In Mayo Collaborative Services v. Prometheus Labs., Inc., 132 S. Ct. 1289 (2012), the Supreme Court articulated a two-part analytical framework for determining whether a claim is patent-eligible under 35 U.S.C. § 101 (the “Mayo-test”). Mayo dealt with laws of nature and natural phenomena, two of the three judicial exceptions to patent-eligibility. In Alice Corp. Pty. Ltd. v. CLS Bank Int’l, 134 S. Ct. 2347 (2014), the Supreme Court applied the Mayo-test to abstract ideas, the third of the three judicial exceptions.

“First, we determine whether the claims at issue are directed to one of those patent-ineligible concepts. If so, we then ask, ‘what else is there in the claims before us?’” 134 S. Ct. at 2355. In Mayo, the Supreme Court established the principle underlying eligibility as whether a claim “forecloses more future invention than the underlying discovery could reasonably justify.” 132 S. Ct. at 1301. In Alice, the Supreme Court confirmed that preemption is “the concern that drives this exclusionary principle.” 134 S. Ct. at 2354. In short, patents “that integrate the building blocks [of human ingenuity] into something more … pose no comparable risk of pre-emption, and therefore remain eligible for the monopoly granted under our patent laws.” 134 S. Ct. at 2355, citing 132 S. Ct. at 1303.

Although Alice dealt with software, Alice was not about software per se. Instead, it was about the patent-eligibility of an invention encompassing an abstract idea, regardless of whether the abstract idea is implemented in software. An example of this is Ex Parte Edward L. Palmer, Appeal 2012-003262, February 26, 2015 (2015 WL 933401), in which the PTAB upheld claims directed to “a poker game method of play” as patent-eligible under Alice.

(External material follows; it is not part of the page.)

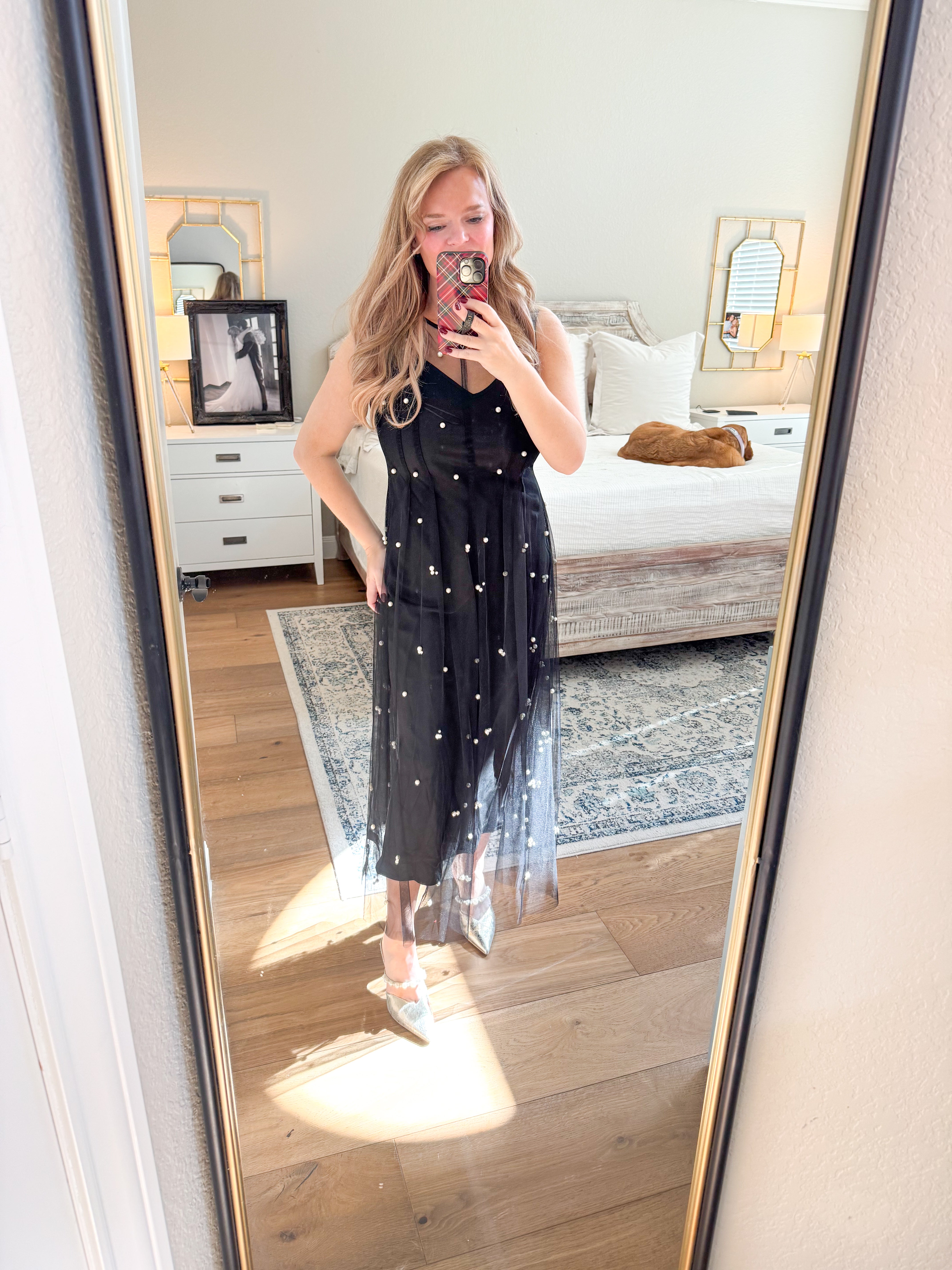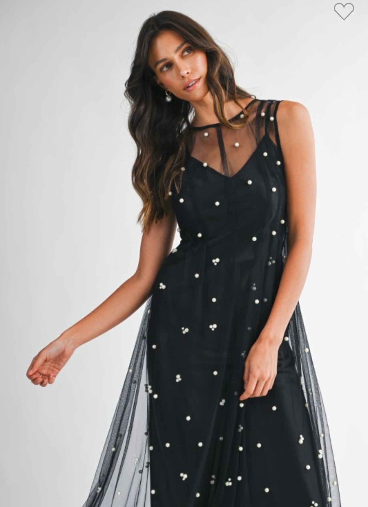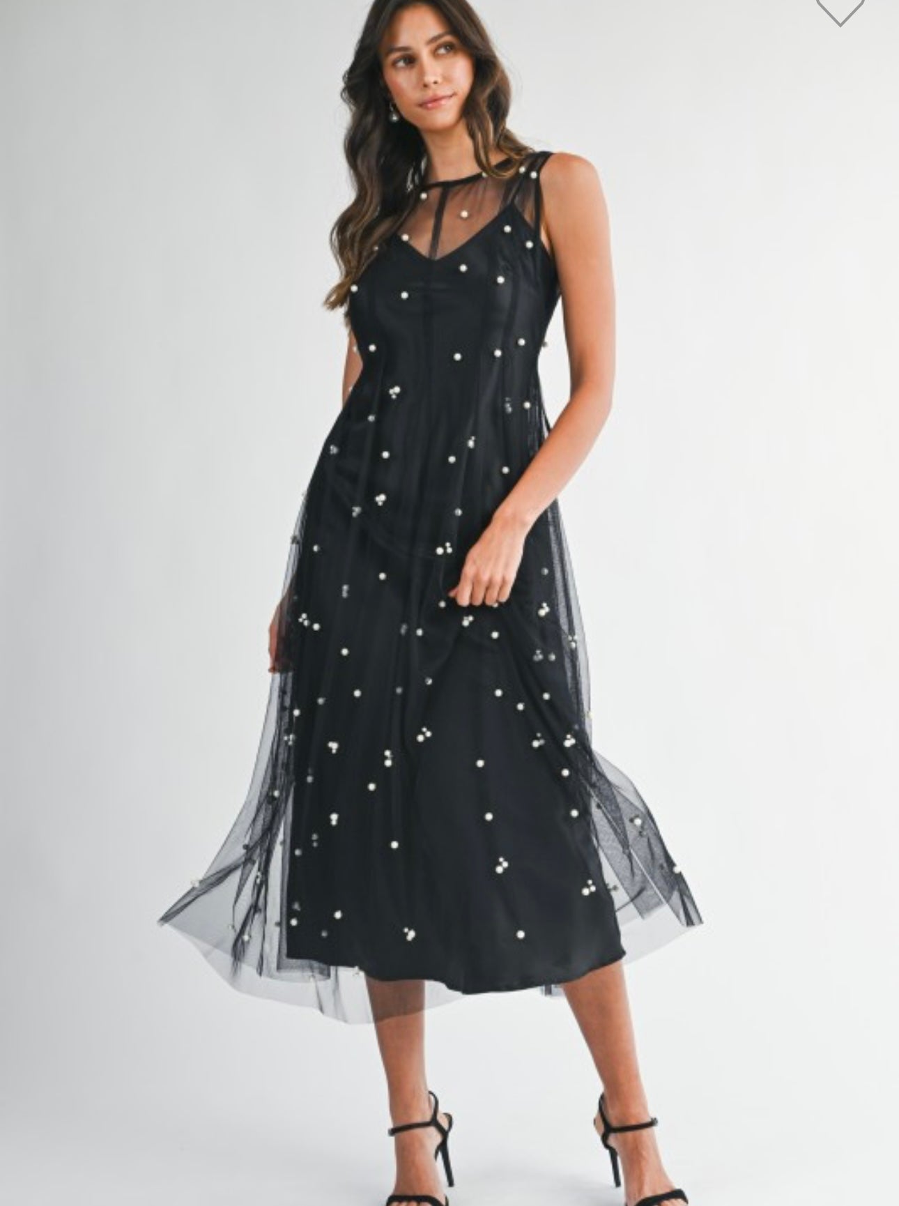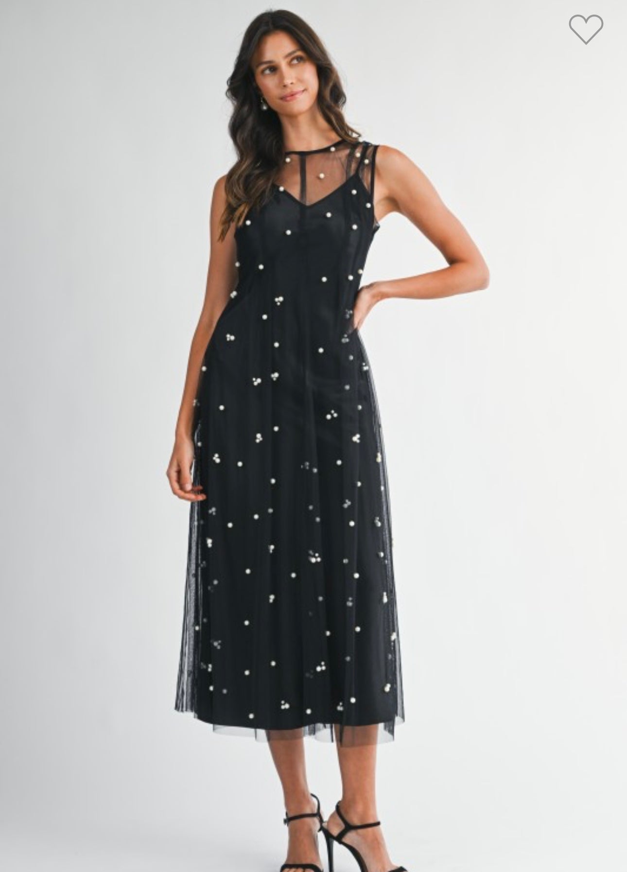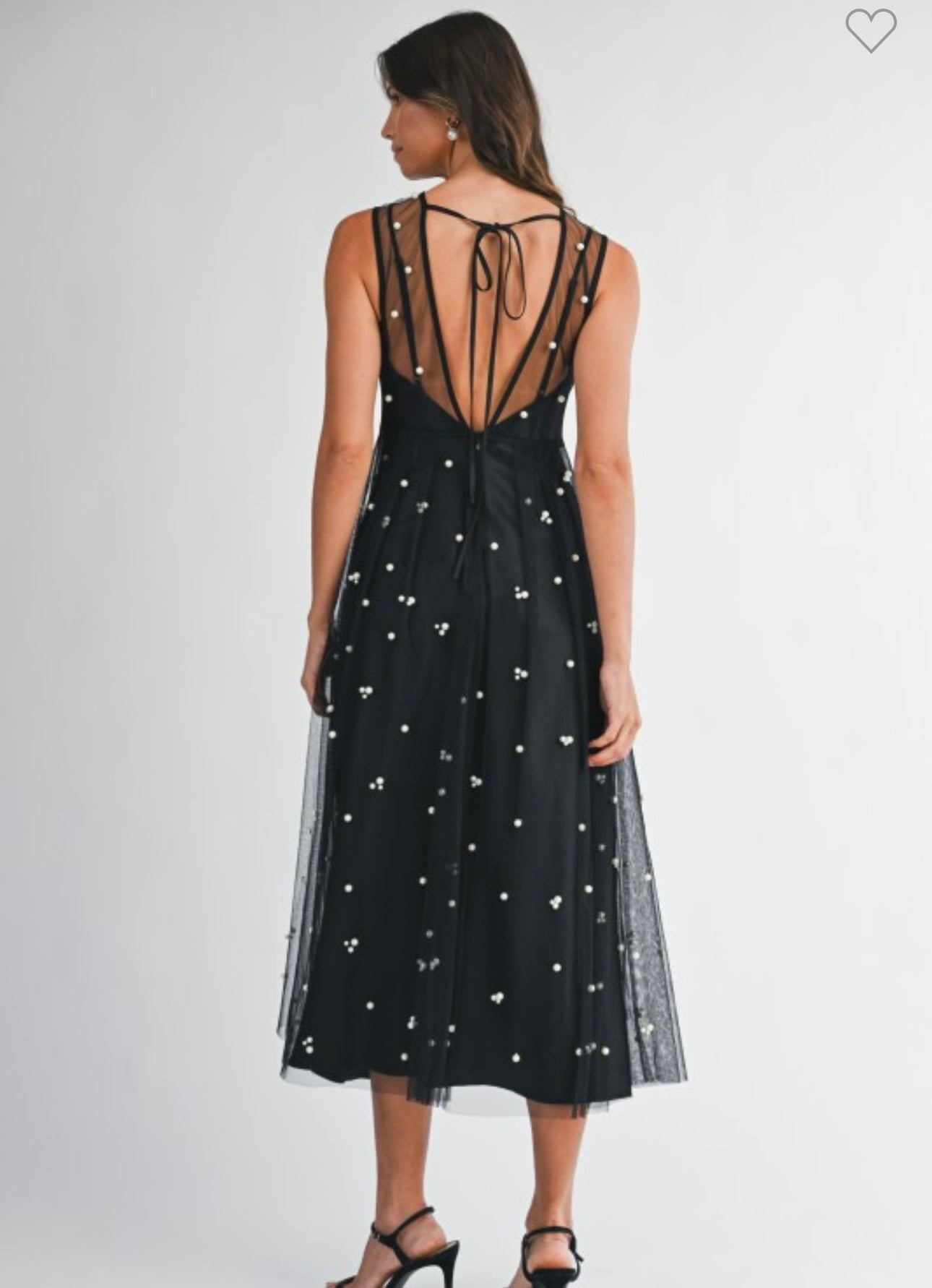 True to size, I am a 6/8 wearing medium. 100% polyester. Sleeveless sheer tulle mesh midi dress with pearl embellishment throughout on mesh overlay. Open back with tie detail. A-line silhouette with back invisible zipper. Fully lined.

Alice has changed the landscape for prosecutors and litigators alike. Since the decision, courts have struggled with identifying abstract ideas, as well as the “something more” required to meet part two of the test. With respect to Internet-based, software-implemented inventions, DDR Holdings, LLC v. Hotels.com, L.P., 773 F.3d 1245 (Dec. 5, 2014) is the water-mark for patent-eligibility, while Ultramercial, Inc. v. Hulu, LLC, 772 F.3d 709 (Nov. 14, 2014) is the water-mark for patent-ineligibility.